Index Terms— Carry correction, modular adder, parallel prefix, residue number system (RNS), VLSI.

# I. INTRODUCTION

Residue number systems (RNS) have been for a long time a topic of intensive research. Their usefulness has been demonstrated, especially for computations additions, subtractions and multiplications dominate, because such operations can be done independently for each residue digit without carry propagation [1]. Other operations such as overflow detection, sign detection, magnitude comparison and division in RNS are very difficult and time consuming [2, 3]. However, above mentioned operations are essential in certain applications, e.g. in exact arithmetic or computational geometry, where residue arithmetic is applied [4]. RESIDUE number system (RNS) is an ancient numerical representation system. It is recorded in one of Chinese arithmetical masterpieces, the Sun Tzu Suan Jing, in the 4th century and transferred to European known as Chinese Remainder Theorem (CRT) in the 12th century. RNS is a nonweighted numerical representation system and has carryfree property in multiplication and addition operations. In recent years, it has been received intensive study in the very large scale integration circuits (VLSI) design for digital signal processing (DSP) systems with high speed and low power consumption [1]–[4].

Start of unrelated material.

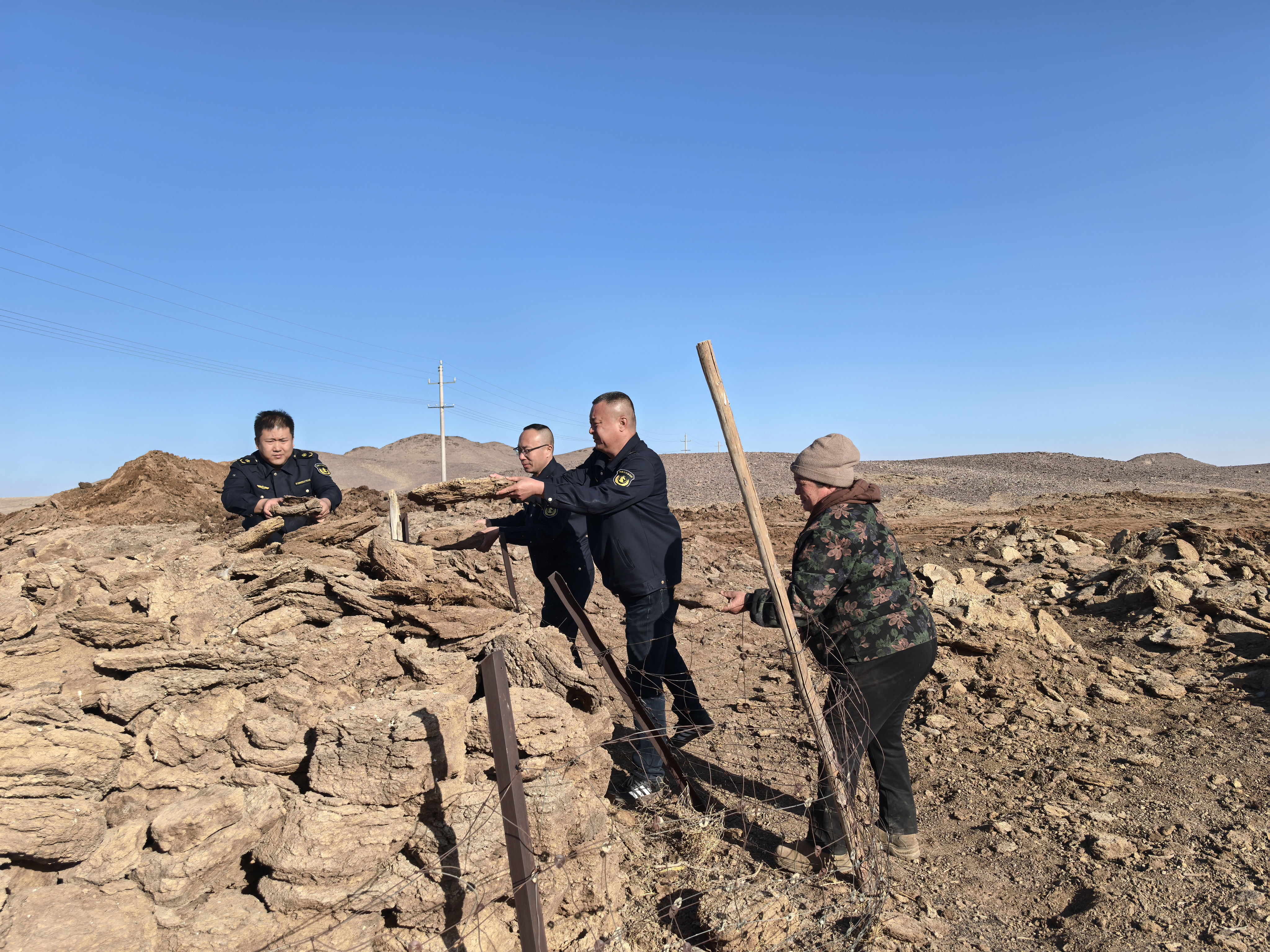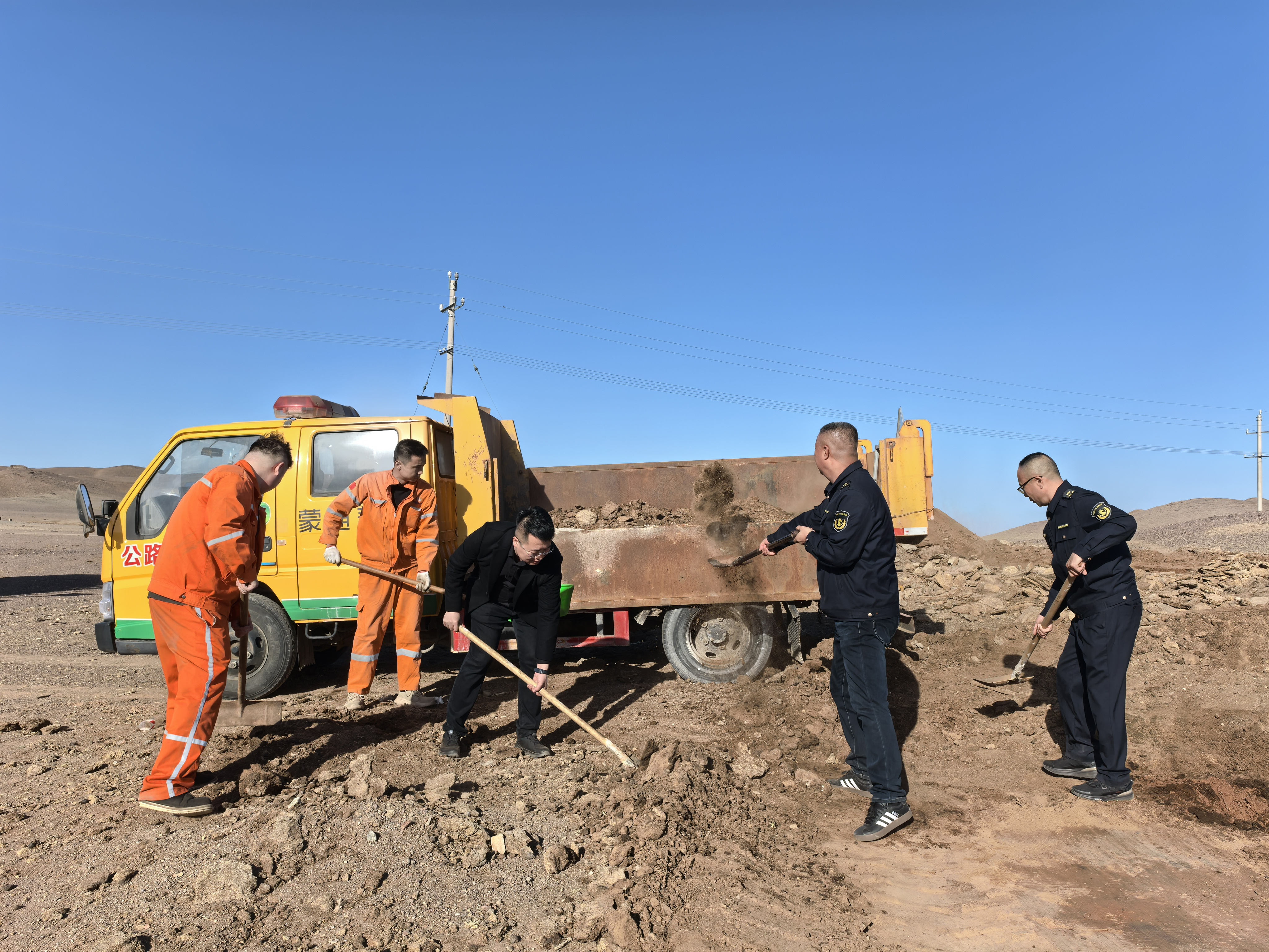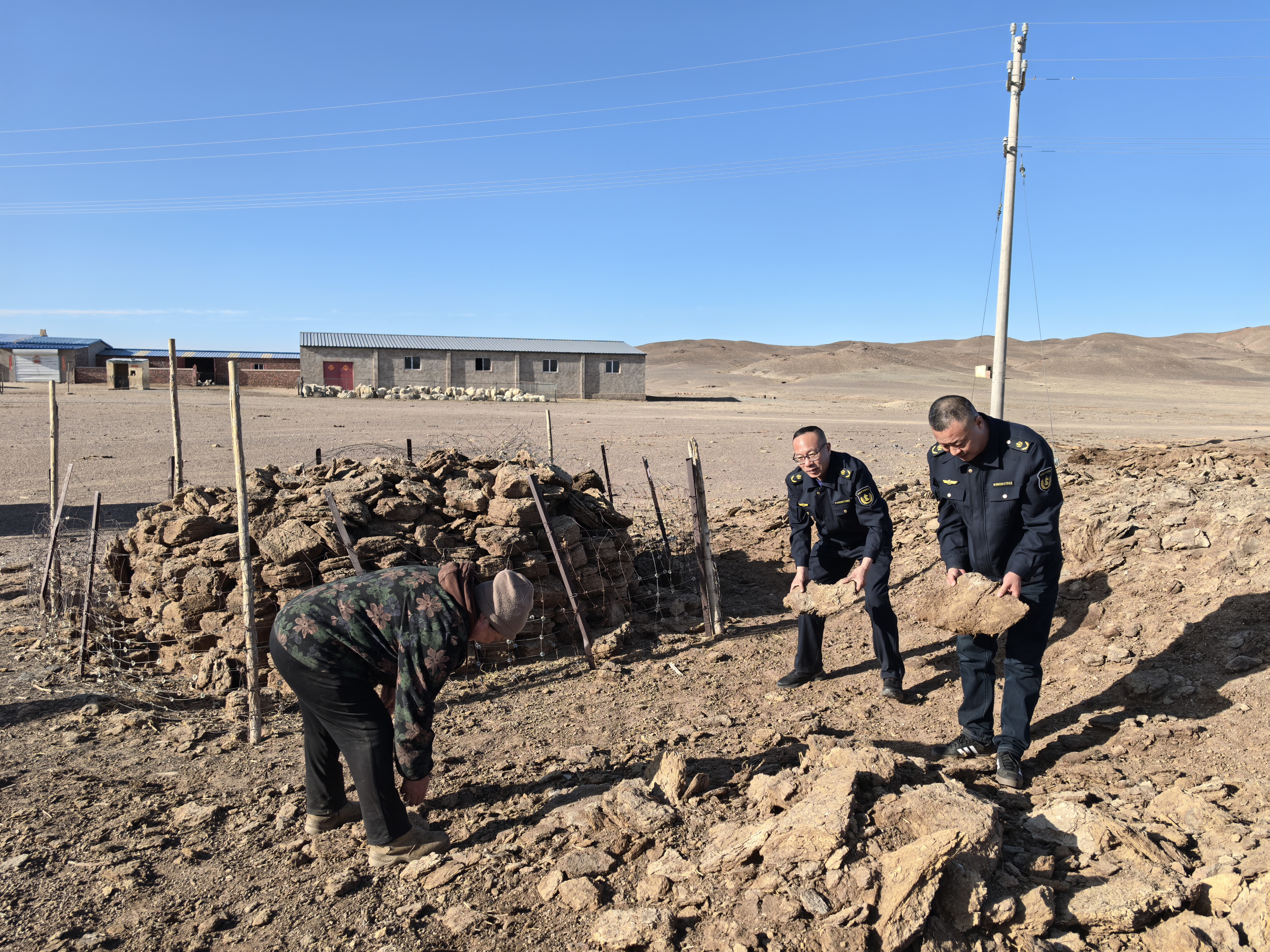 活動(dòng)中,黨員們充分發(fā)揮先鋒模范作用,齊心協(xié)力,相互配合,幫助牧民撿拾羊糞、牛糞,利用養(yǎng)護(hù)機(jī)械幫助牧民朋友共同完成了羊糞堆放工作。此外,因今年雨水充足,牧民朋友回家的路被雨水沖斷,大家利用機(jī)械幫助他們把回家路上的坑槽一一填補(bǔ),方便了他們的出行,用實(shí)際行動(dòng)傳遞關(guān)懷和溫暖,讓駐地周邊牧民感受到了中華民族一家親的良好氛圍。

Modular adder is one of the key modules for RNS-based DSP systems. For the general modular adder, Bayoumi proposed a scheme for arbitrary modulus by using two cascaded binary adders [5]. However, the delay is the sum of the two binary adders. Several literatures constructed several modular adders with two parallel binary adders to calculate A+B and A+B+T [6], [7]. This method can achieve less delay but needs about twice area of binary adder. Dugdale proposed a method to construct a type of general modular adders with a reused binary adder [9]. The shortage of this structure is that it will use two operation cycles to perform one modular addition. The area or delay of these modular adders mentioned above is twice or more than that of binary adder. In recent studies, a few modular adders with better area and delay performance are presented. Hiasat proposed a class of modular adders in which any regular Carry Look-Ahead (CLA)—based binary adder can be used in the final stage [10].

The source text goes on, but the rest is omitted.